Eli Chapman

Associate Professor, Pharmacology and Toxicology, Drug Discovery & Development

The Chapman lab is a chemical biology lab. They are primarily focused on finding synthetic small molecules or natural probes and leads through targeted approaches, on understanding the mechanisms and modes of action of these molecules, and on improving the molecules through medicinal chemistry. We use contemporary molecular biology and protein biochemistry procedures to produce the desired target proteins and then develop assays amenable to moderate to high throughput screening.

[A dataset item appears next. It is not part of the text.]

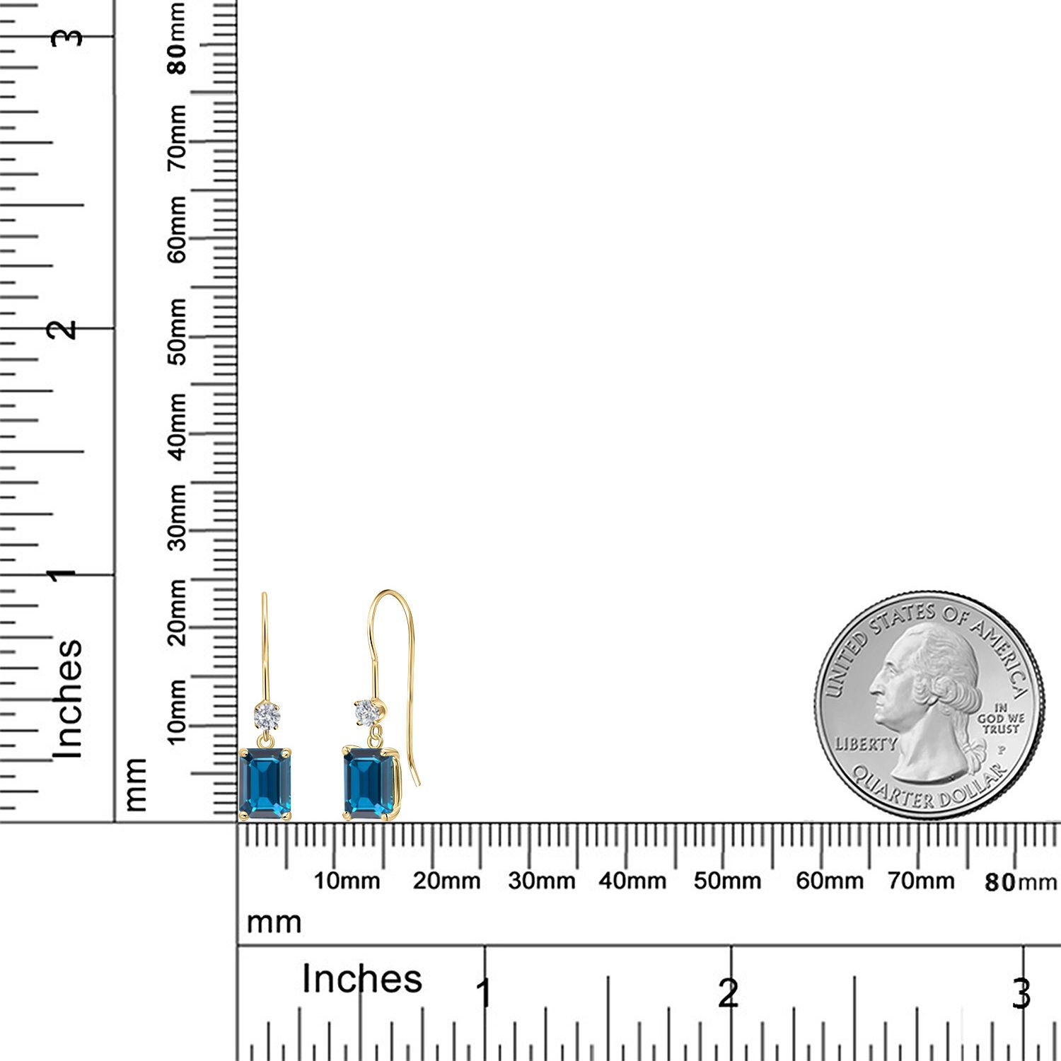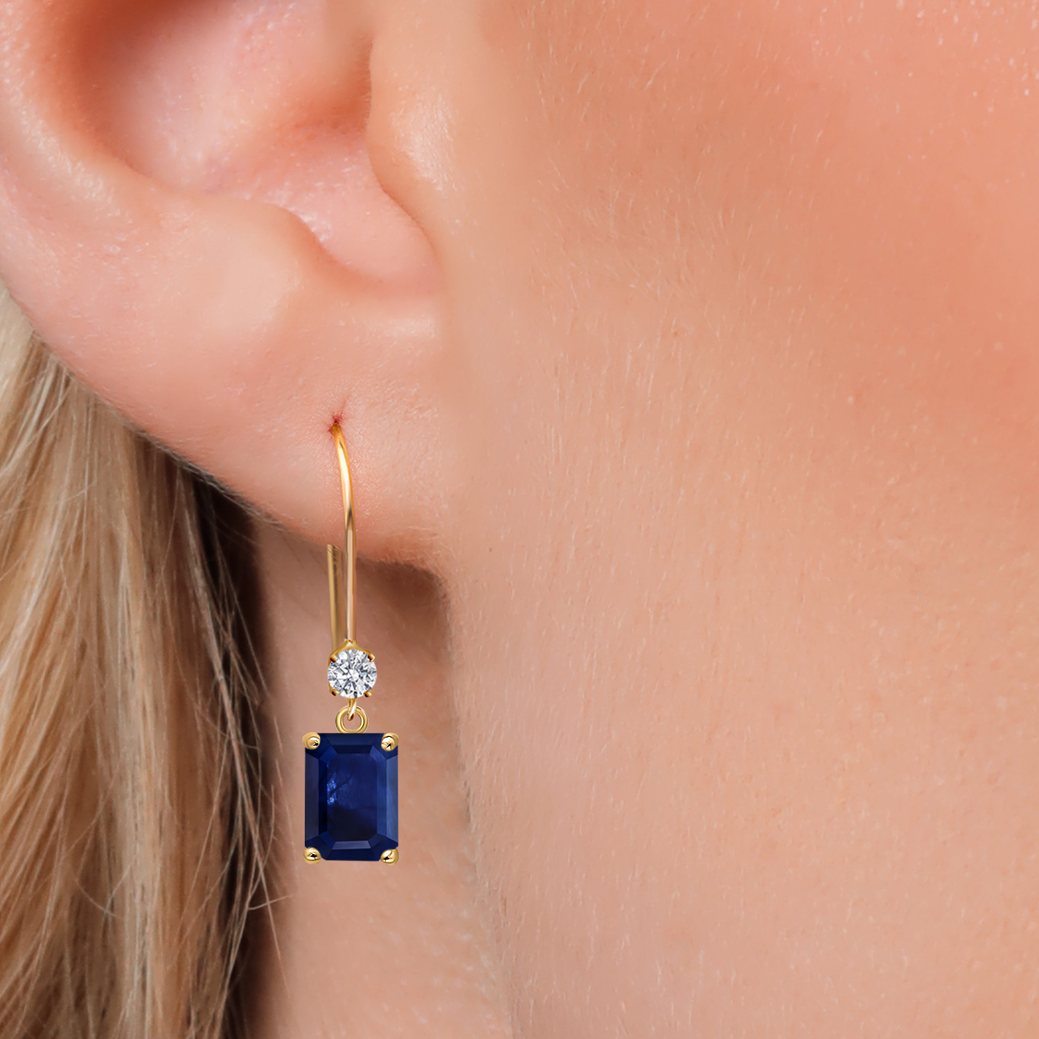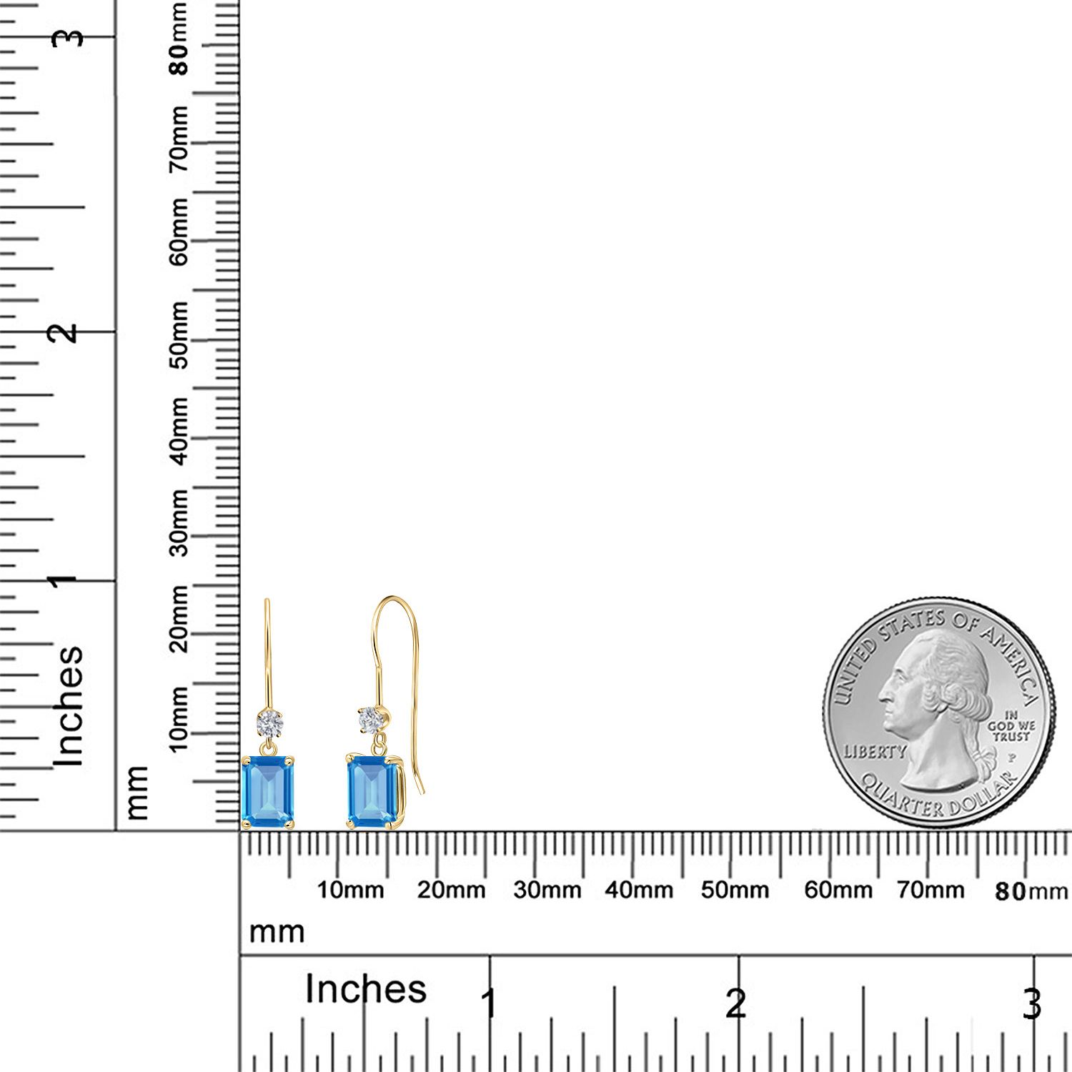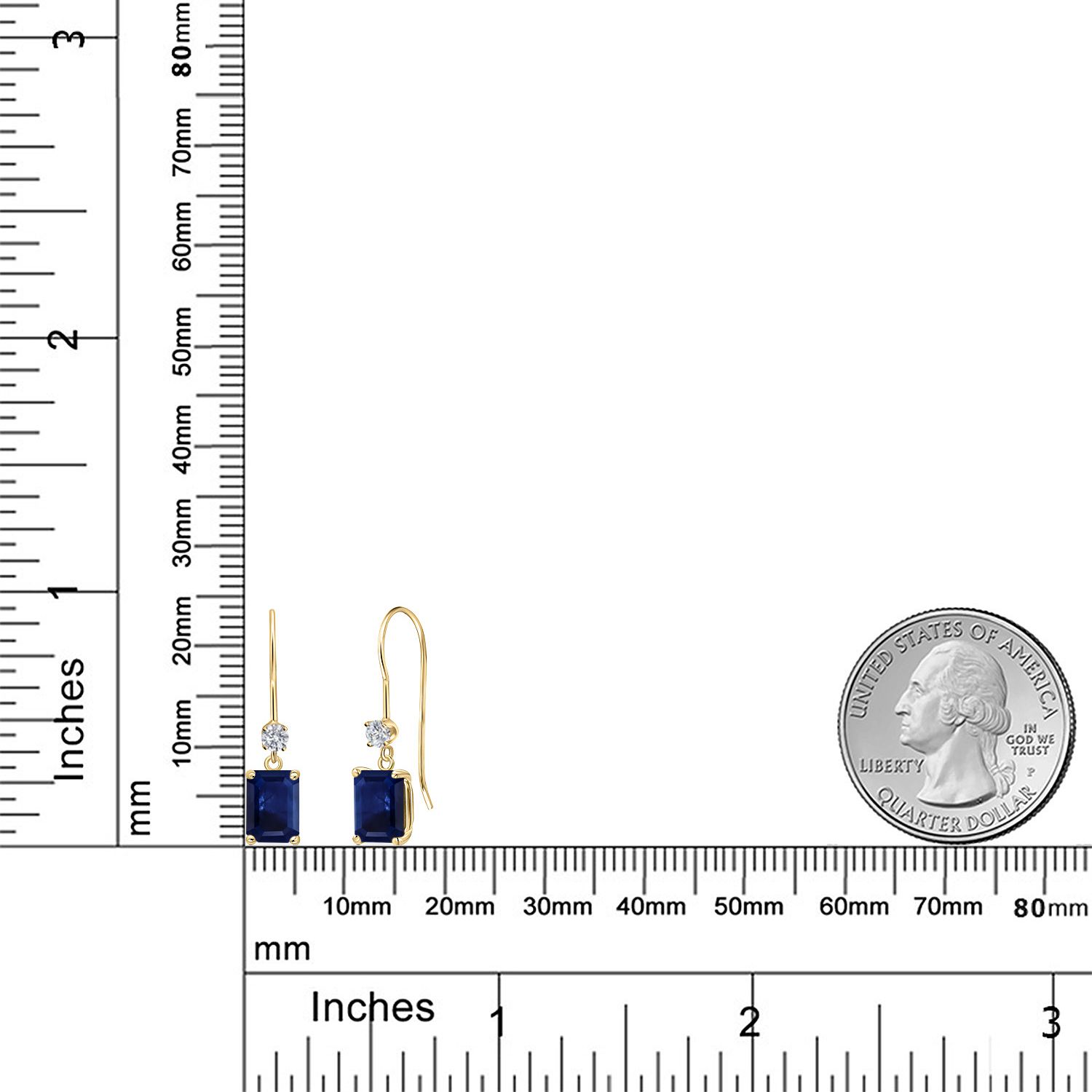 14K Yellow Gold Gemstone Birthstone and Lab Grown Diamond French Wire Dangle Earrings for Women | Emerald Cut 7X5MM | Fine Jewelry Gifts for Her Mom Women Wife

Through development, we use cellular amenable to understand the modes of action, biophysics to understand the mechanisms of action, structural biology to guide molecular improvements, and synthetic chemistry to optimize hit compounds. We often simultaneously probe families of enzymes in a parallel fashion in an effort to pre-program specificity, mitigating downstream off-target liabilities and aiding development.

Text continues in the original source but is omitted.